TASK OBJECTIVE: Among the entries below, the lines from the one with "SIDERURGIA | 04" up to and including the one with "Futbolun unutturduklarını hatırlatalım" are to be restated exactly, without pictures.

Records from a data source:

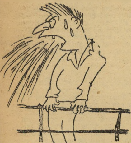
מקיא את נשמתו
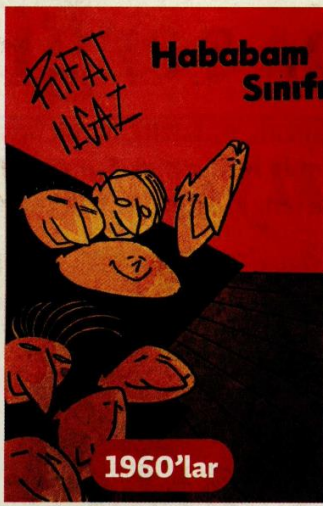
Turhan Selçuk'un Hababam Sınıfı çizimi.

Zeki Müren başlangıçta şöhret merdivenlerini ağır ağır çıktı. 19 yaşında radyo imtihanlarını kazanmıştı. 1 Ocak 1951 akşamı İstanbul Radyosu'ndan sesini milyonlara duyurdu. 1954'te Cahide Sonku'nun himayesinde ilk filmi Beklenen Şarkı vizyona girdi. 1954'te İzmir Fuarı'nda yayımlandı.
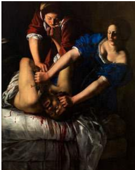
Das Gemälde von Artemisia Gentileschi zeigt die Enthauptung von Holofernes durch Judith nach dem apokryphen alttestamentlichen Buch namens „Judith“:

Ab dem ersten Gottesdienst in den Sommerferien am 19. Juli bis zum letzten am 30. August werden in den Gottesdiensten im Ev. Hustadtzentrum und im Thomaszentrum (Kirchengemeinde Querenburg), im Baumhofzentrum und in der Melanchthonkirche (Kirchengemeinde Bochum-Wiemelhausen) sowie in der Stiepeler Dorfkirche und im Lutherhaus (Kirchengemeinde Stiepel) biblische Texte thematisiert, in denen „Verbrechen“ zur Sprache kommen, so eine der möglichen Übersetzungen des
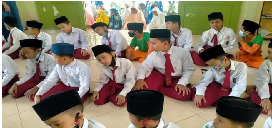
Gambar 4.9 Sholat Berjama'ah 59

untuk kelas 1-3 sholat dhuha di kelas bersama wali kelas masing-masing. 58
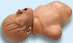
AED Plus Trainer-Demo-Übungspuppe
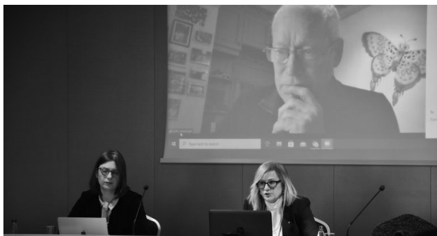
Са панел дискусије у Подгорици

Иницијални састанак са кључним актерима на пројекту „Креативна економија – Развој политика у области филмске индустрије у Црној Гори“ ( Creative Economy Policy Grant Scheme ), који се реализује у партнерству Филмског центра Црне Горе и British Council-a , одржан је половином марта у Подгорици.
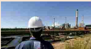
SIDERURGIA | 04 giugno 2018 Ilva, «prova del 9» per il governo Conte. Mittal e sindacati pronti a vedere Di Maio

I Cinque Stelle sono da sempre portatori di soluzioni radicali per l'Ilva di Taranto, comprese in uno spettro che va dalla chiusura dell'impianto a una sua riconversione nel senso della decarbonizzazione. Una opzione - quest'ultima - che durante le ultime elezioni ha rappresentato una sorta di campo comune con l'ala del Partito Democratico - in Puglia personificata da Michele Emiliano - più
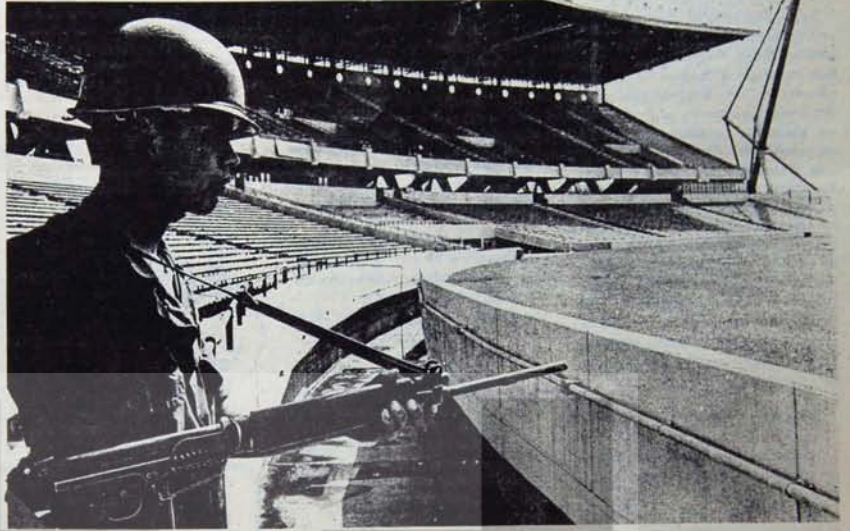
Futbolun unutturduklarını hatırlatalım

Arjantin toplumsal yapısının ilk özelliği tarımda toprak mülkiyetinin giderek yoğunlaşan bir oligarşinin, landfundistlerin egemenliğine yol açması. Bu yapı, üretimde verimliliği, çok düşük tutuyor. Elli yıl öncesinin düzeyinde. Öte yandan Arjantin'de gelişen bir kapitalizm de söz konusudur. 1930'lara kadar Arjantin'de kapitalizmin gelişmesinin temelinde üç etken yatmaktadır: birincisi, tarım kesiminin (tahıl, et, yün) ihracat olmaları; ikincisi, önemli miktarda Avrupa kökenli göçücü akını (1860 ile 1930 arasında 6 milyon İtalyan, İspanyol ve Yahudi göçmen) ve üçüncü olarak, başta İngiltere olmak üzere, emperyalist merkezlerindeki sermaye yatırımları. 1930 sonrasında gıda ve tekstil sanayine dayalı bir iç burjuvazi güçleniyor. 1910'lu yıllarda Arjantin'in tüm tüketim malları gereksiniminin % 40'ini
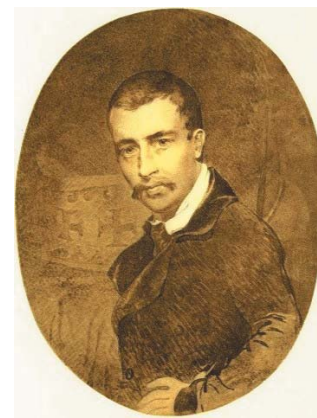
Мал. 4. Т. Г. Шевченко. Томаш Вернер (1849 р.)
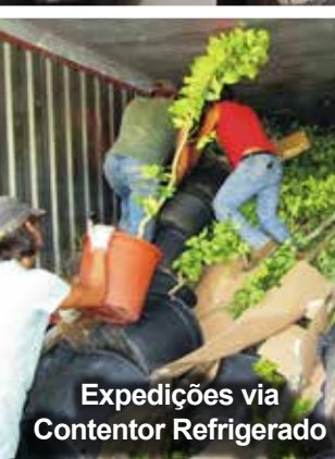
Expedições via Contentor Refrigerado
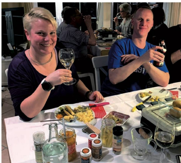
Ein Glas Wein darf beim Raclette nicht fehlen.

Wir fanden uns mit vierzehn Personen zu diesem Raclette-Essen ein, und es war eine sehr gemütliche Runde. Es gab leckeren Käse, den die Schwendener aus ihrem Heimatort Grindelwald mitgebracht hatten, Kartoffeln sowie diverse Zutaten.
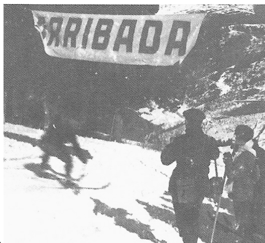
Arribada de cursa

El 1941 es crea la “ Federación Española de Esquí ” (FEDE), com a subseu independitzada i autònoma de la “ Federación Española de Montaña ”, de la qual va ser secció des del 1930, començant un notable creixement del nostre esport a la resta de l'estat, i del seu nivell tècnic. L'arribada de qualificats tècnics del centre d'Europa va permetre fer-hi cursets d'aprenentatge, en els quals va destacar l'austriac Walter Fooger. També ajudaren organitzacions dependents de l'Estat que van col·laborar estretament amb la Federació.
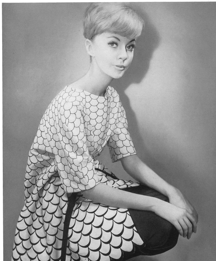
CHRISTIAN DIOR (Boutique) Bordure brodée sur piqué de Forster Willi & Co., Saint-Gall
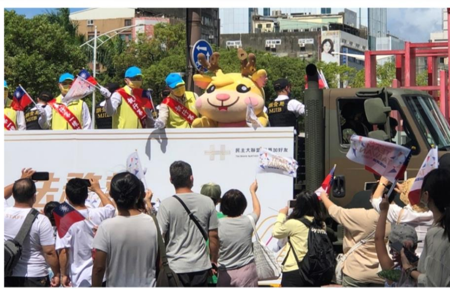
吉祥物拍寶及有功人員深受民眾喜愛

可愛臺灣梅花鹿人偶「拍寶」，是行政執行署的吉祥物，非常活潑的揮舞著大國旗、大法拍槌，同時逗趣的向兩側民眾揮揮手，超萌Q的，深受現場民眾喜愛！穿著黃色背心的是各分署執行有功人員代表，非常歡愉地向民眾揮揮手、搖國旗致敬，受到民眾夾道歡迎。各分署執行人員是執行欠稅罰鍰案件的無名英雄，在對抗新冠疫情、防堵非洲豬瘟上功不可沒，努力為國人堅守最後一道防線，共同維護國民健康，守護美麗的臺灣！
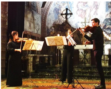
Figuur 5, Trio Euregio jeugdorkest

Het muzikale stokje werd overgenomen door popkoor Vocal Sound dat met 30 zangers de zaal vulde met Nederlandse, Franse en Engelse kerstliederen, afgewisseld met andere sfeervolle liederen. Na de pauze bracht het popkoor nog een vervolgprogramma en door hun wijze van presenteren met beweging en expressie was het niet alleen een aangenaam luister- maar ook een aangenaam kijk-schouwspel.
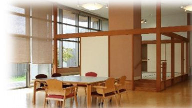
オープンスペース
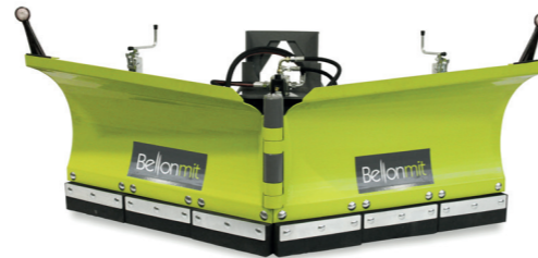
TSBV LAMA SGOMBRANEVE VOMERE V-SNOW PLOUGH KEILSCHNEEPFLUG CHASSE NEIGE EN V
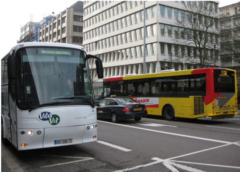
Un autobus de la ligne 300 Hayange/Thionville - Luxembourg de l'entreprise française Transfensch à la gare centrale de Luxembourg.

Bien que le train et l'autobus soient des moyens de transport couramment utilisés pour différents déplacements (achats, excursions, etc.), la concentration des horaires de circulation habituellement observée en début et en fin de journée permet de déduire que les migrants journaliers en sont les principaux usagers. Les lignes transfrontalières ont pour principal objet la desserte du Luxembourg (où le marché de l'emploi s'est considérablement développé au cours des dernières décennies) depuis les anciennes zones industrielles lorraines Longwy et Thionville, la Wallonie, la région de Trèves et la Sarre.
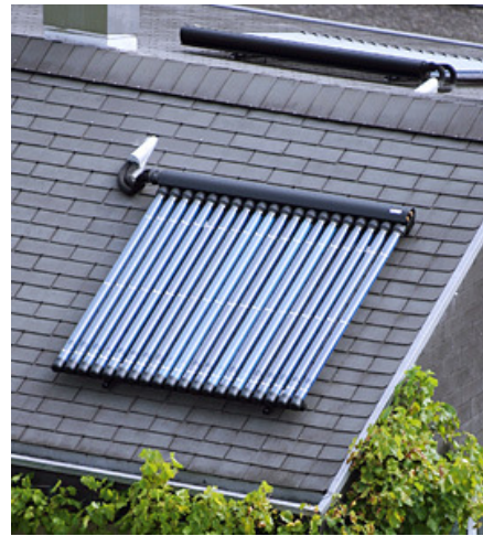
Röhrenkollektoren; Foto: Elco
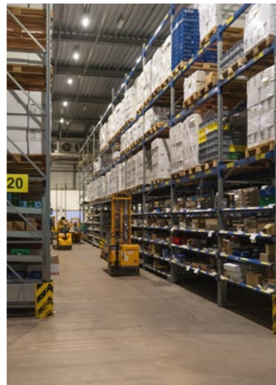
Plateforme de Genève. Plattform Genf.

Der Abschluss neuer Logistikverträge und die Stärkung der Partnerschaft mit der Firma Galliker tragen erheblich zu diesem Erfolg bei.

PROBLEM SOLUTION:
SIDERURGIA | 04 giugno 2018 Ilva, «prova del 9» per il governo Conte. Mittal e sindacati pronti a vedere Di Maio

I Cinque Stelle sono da sempre portatori di soluzioni radicali per l'Ilva di Taranto, comprese in uno spettro che va dalla chiusura dell'impianto a una sua riconversione nel senso della decarbonizzazione. Una opzione - quest'ultima - che durante le ultime elezioni ha rappresentato una sorta di campo comune con l'ala del Partito Democratico - in Puglia personificata da Michele Emiliano - più
Futbolun unutturduklarını hatırlatalım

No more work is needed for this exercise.